Вдруг пробил час и велено: «Я, Бог, решил обрушить мир, сгубить людей», – но мы не слышали?

Прощай, Москва, вертвь мерзостей! монстр пагубный, стяжательный! зло, окольцованное МКАД!..

Нас ждал Кадольск, трудящийся город некогда в прошлом. В этой промзоне разных заводов, впавших в коллапсы и ставших складом импортной дряни, жили отец мой, мать и мой брат (недужный); жили почти что с самой отставки отца со службы. Мы к ним поехали – заночевать, а утром трогаться: их дом нам по пути.

Вот скоростная. «Нива» прянула, как угорелая, устав от жёванных и дёрганно-ходульных ритмов пробочной, заезженной столицы. Трасса… то есть магистраль («М-2») пока не манит пляжников – на всех парах дуть в Сочи (в Гагры или в Крым), – и дачников, а также прочих авто-ездоков. В отсутствии подобных конкурентов, «Нива» обгоняла: фуры, большегрузы, рефрижераторы, водил-«подснежников». Я выжимал «газ», чувствуя, как чуток и отзывчив старый транспорт. На спидометре сто пять, нам вдосталь… Ехали мы, ехали, но вдруг означились рывки, мощь спала; не на пятой, а на первой скорости я сполз к обочине, стал, вылез, разглядел знак съезда в г.
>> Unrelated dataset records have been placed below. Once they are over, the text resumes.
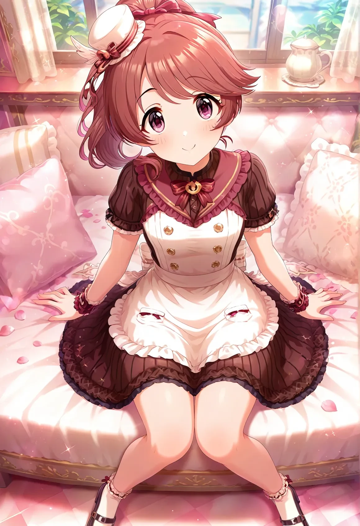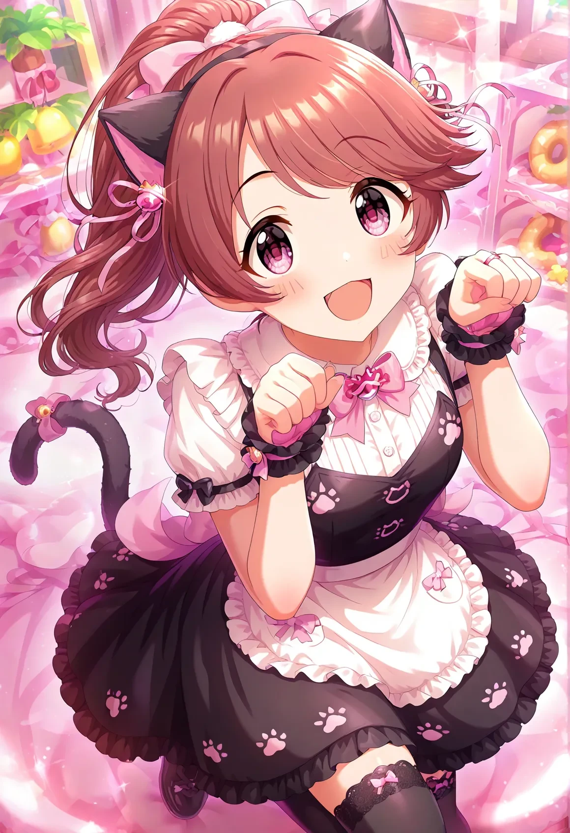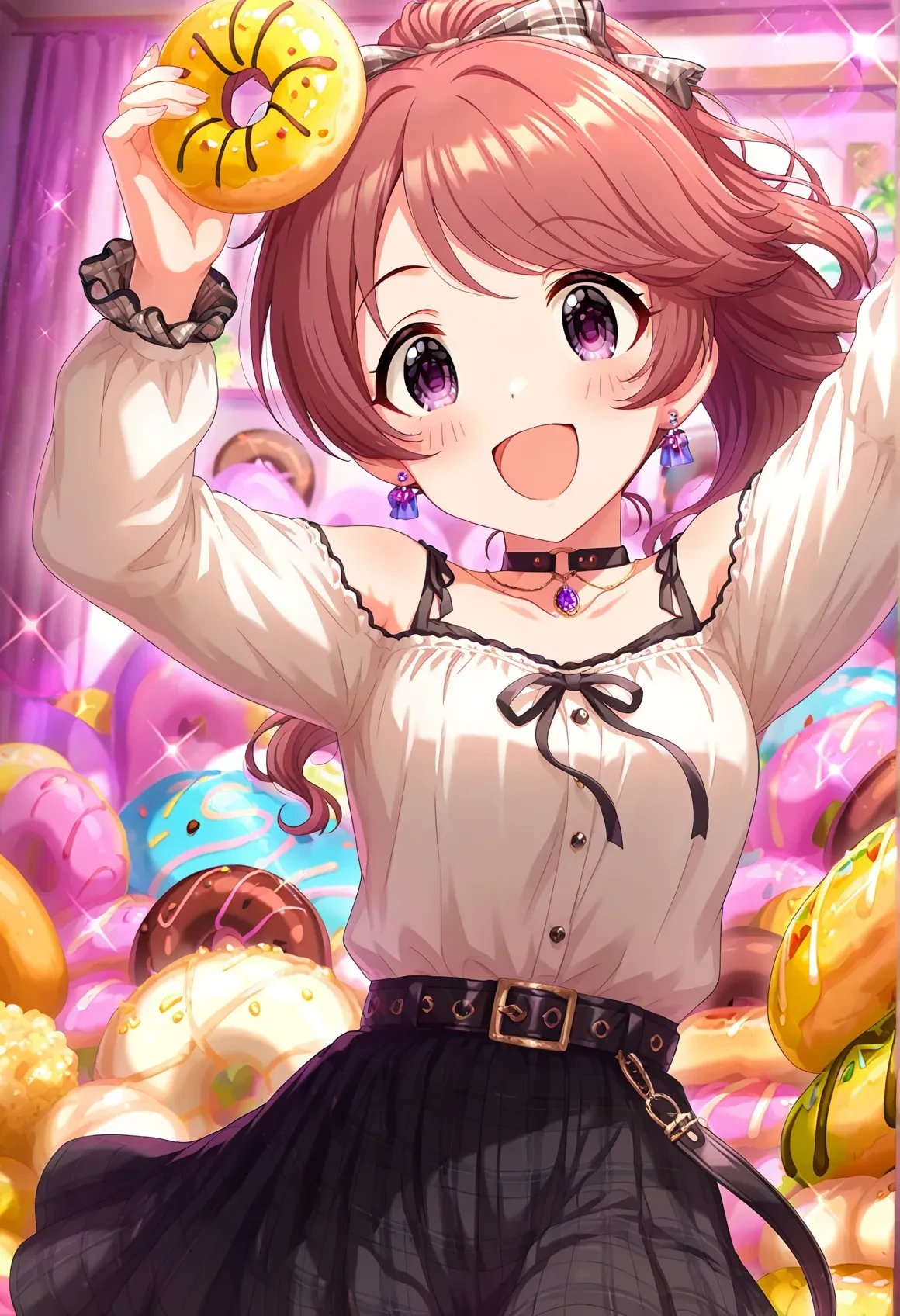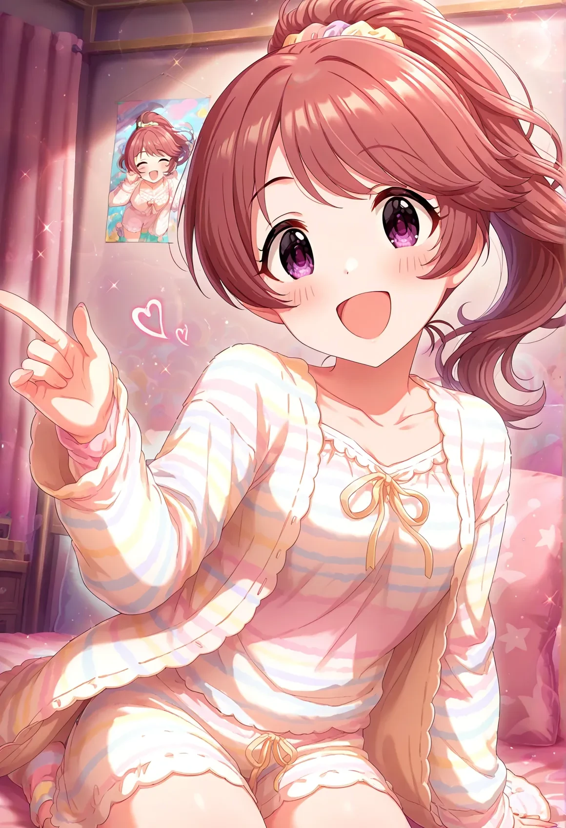 norikoshiina, brown hair,ponytail,pink eyes, purple eyes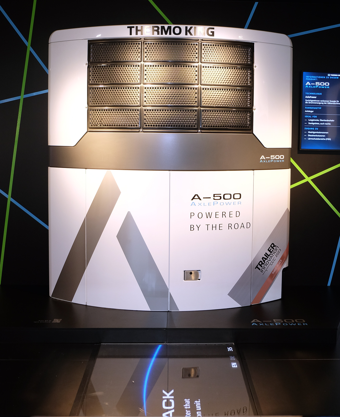 Thermo King “AxlePower” sistemi, araç hareket halindeyken veya fren yaparken üretilen enerjiyi, yüksek voltajlı bir aküde depolayarak soğutma ünitesine güç sağlamak için kullanıyor. Böylelikle tamamen elektrikli, sıfır emisyonlu ve otonom treyler soğutması sağlanıyor. Depolanan enerji, yaklaşık 5 saatlik standart soğutma için yeterli oluyor.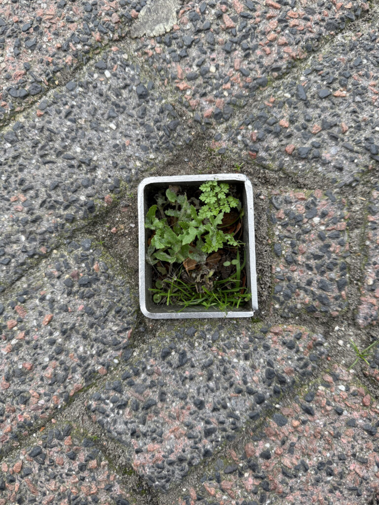 Plant grown inside the metal brick on city's floor
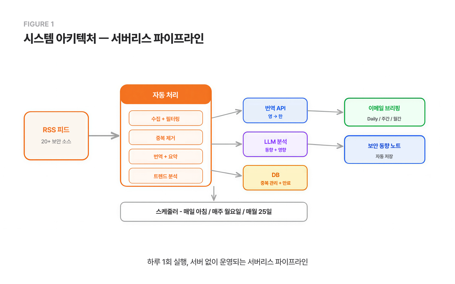 최종 산출물은 4개의 자동 파이프라인입니다. Daily 브리핑은 매일 아침 8시에 도착합니다. 20개 넘는 보안 피드에서 기사를 수집하고, 13개 분야 키워드 필터링과 해시 기반 중복 제거를 거친 뒤, 영문 기사는 DeepL로 번역해서 분야별로 정리된 이메일을 보냅니다. 주간 트렌드는 매주 월요일, 월간 트렌드는 매월 25일에 발송되는데, GPT-4o-mini가 분야별 동향 분석과 산업 영향까지 붙여줍니다. 전부 AWS Lambda와 EventBridge로 돌아가고, 서버 관리는 없습니다.

Кадольск (здесь первый съезд из трёх), открыл капот – немедля вслед за тем, как прогремел автобус. Стихло. Слышались порою шелест трав, торчащих над сугробами, треск двух сорок и скрип стволов в лесу… Я осмотрел жгуты к свечам и приступил к контактам… Чёрный, с тюнингом, «шевроль» подъехал; низилось стекло под сип:

– Слышь, малый, как проехать в Чапово?

Так ляпнул стриженый, дебелый, при рубашке с галстуком, нетрезвый апоплектик, сорока лет с виду, с мутными свиными глазками. Он был без шеи, голос сиплый… «Малый»? – пусть. На трассе ценят не бонтон, а помощь действием: к примеру, объяснить маршрут, взять на буксир и одолжить домкрат, бинт, топливо. Тот апоплектик, может, славный, лишь невежлив; и по имени я «Малый» (на латинском «Павел» – «Малый»). Я сказал: ваш съезд чуть дальше, третий съезд, где указатель на Луховню, далее – в Кадольск и в Чапово.

Тип дал приказ шофёру: обнаружилось, что тот был гостем Марки, представителем какого-то влиятельного «босса». Джип рванул вперёд, явив свой знак: шесть, шесть плюс шесть, – знак зверя, говорят. Джип – в Чапово, где маркины цеха? Договорились? Вдруг спросивший, ― при рубашке с галстуком и с мутными свиными глазками, бесшеий апоплектик, – «Николай» почтенный «Николаич», думец? Им пугал, я вспомнил, Марку гость-качок, теперешний шофёр. Ишь, «малый…» Унизительно. Я не старик, отверг я, но отнюдь не «мал». Он так – по глупости, по навыку персон на джипах числить всех на «ВАЗах» сором. Кстати, в тех местах, куда мы едем, в правиле звать «малый», некая традиция. Я сам там к «малому» едва за год привык, сначала заподозрив цель уничижения. Тот апоплектик, может, с Тульской области, куда мы движемся, хоть джип московский…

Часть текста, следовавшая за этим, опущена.